Familial atypical multiple mole melanoma syndrome (FAMMM) occurs due to pathogenic variants in either the CDKN2A or CDK4 gene and describes the association of multiple melanocytic naevi (typically > 50 with multiple atypical nevi) with the presence of specific histological features and a family history of cutaneous malignant melanoma [48]. Overall, CDKN2A-associated-FAMMM accounts for 39% of cases in families with at least 3 melanoma, and melanoma risk is 60–90% by age 80 [49]. However, internationally, pathogenic variant detection rates are lower in areas of high sun exposure, demonstrating that the majority of familial risk in melanoma-prone families is accounted for by shared skin type and similar sun exposure patterns [49]. Intermediate genetic risk modifiers, such as variants in MCR1 and MITF, have also been implicated [50]. Pathogenic variants in CDK4 occur in a hotspot within codon 24 and, although highly penetrant with a 74% melanoma risk by age 50, account for a minority of families with FAMMM [51]. Superficial spreading and nodular melanomas are the most common melanoma subtypes seen in FAMMM, but histology is otherwise similar to sporadic melanoma cases [52].

Individuals with CDKN2A-related FAMMM are also at increased risk of pancreatic cancer, with a 17% risk to age 75 [53], although significant genotype–phenotype correlations have been identified in association with common CDKN2A pathogenic variants, such that the risk ranges from < 11 to > 60% [52].

BAP1 Tumour Predisposition Syndrome

BAP1 tumour predisposition syndrome (BAP1-TPDS) occurs due to pathogenic variants in BAP1 and comprises a tumour spectrum which includes uveal melanoma, malignant mesothelioma (pleural or peritoneal), cutaneous melanoma, RCC and basal cell carcinoma, with other tumours also implicated [54, 55]. First reported in 2011, the prevalence and penetrance of related cancers is not yet well defined.

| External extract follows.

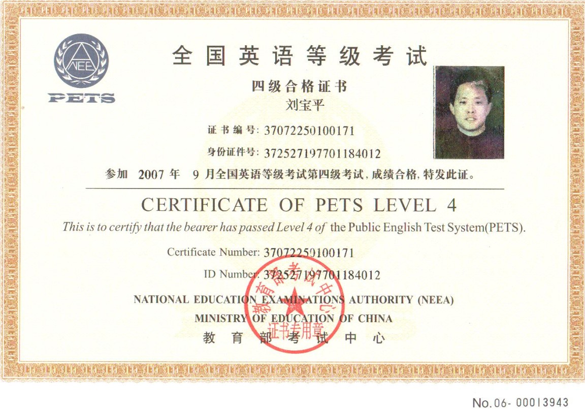 公共英語四級證書

Dermatological findings include multiple BAP1-inactivated melanocytic tumours (also known as atypical Spitz tumours or BAPomas). These are pinkish-brown, dome-shaped papules of around 5 mm diameter, typically occurring on the head and neck, followed by the trunk, upper and lower limbs [56]. Histologically, the lesions share features of both Spitz naevi and melanoma; however, they show biallelic BAP1 inactivation and somatic BRAF p.Val600Glu [55]. Cutaneous melanoma occur as the third most frequent tumour, with a median onset of 39 years compared to 58 years in the general population, and may be multiple [55].

Carney Syndrome

Carney syndrome, or Carney complex as it can also be known, is an autosomal dominant HCPS occurring due to pathogenic variants in the PRKAR1A gene and consists of skin pigmentary changes and tumour predisposition, particularly endocrine tumours. Diagnostic criteria have been proposed by Mateus et al. [57]. Carney syndrome is rare, and penetrance is estimated at over 95% by age 50, although two lower penetrance variants associated with a milder phenotype have been identified [58, 59]. Other genotype–phenotype correlations have also been described [60].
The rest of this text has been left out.